The task :: How many lines in the material below include the word "with"? Give only the number.

Available records ::
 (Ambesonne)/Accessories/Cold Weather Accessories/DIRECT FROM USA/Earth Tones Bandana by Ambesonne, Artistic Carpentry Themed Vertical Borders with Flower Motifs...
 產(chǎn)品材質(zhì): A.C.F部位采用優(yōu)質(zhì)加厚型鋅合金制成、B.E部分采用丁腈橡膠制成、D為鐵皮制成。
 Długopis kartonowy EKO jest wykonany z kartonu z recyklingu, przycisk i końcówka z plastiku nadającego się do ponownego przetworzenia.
* * *
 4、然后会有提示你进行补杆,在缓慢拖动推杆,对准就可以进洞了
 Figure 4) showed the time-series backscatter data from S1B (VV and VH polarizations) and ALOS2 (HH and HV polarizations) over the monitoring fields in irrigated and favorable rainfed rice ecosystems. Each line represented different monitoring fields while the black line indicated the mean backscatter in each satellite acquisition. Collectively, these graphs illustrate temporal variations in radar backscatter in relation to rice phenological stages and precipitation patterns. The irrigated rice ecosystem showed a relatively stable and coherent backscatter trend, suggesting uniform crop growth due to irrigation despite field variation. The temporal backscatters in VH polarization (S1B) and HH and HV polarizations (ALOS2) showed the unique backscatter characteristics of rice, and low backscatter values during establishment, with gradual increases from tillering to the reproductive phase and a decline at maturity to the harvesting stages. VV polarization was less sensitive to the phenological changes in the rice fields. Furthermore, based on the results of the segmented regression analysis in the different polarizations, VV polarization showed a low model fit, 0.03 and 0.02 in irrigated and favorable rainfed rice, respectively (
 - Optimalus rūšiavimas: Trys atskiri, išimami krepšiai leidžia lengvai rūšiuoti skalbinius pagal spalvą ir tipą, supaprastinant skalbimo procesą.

Solution for this task :: 2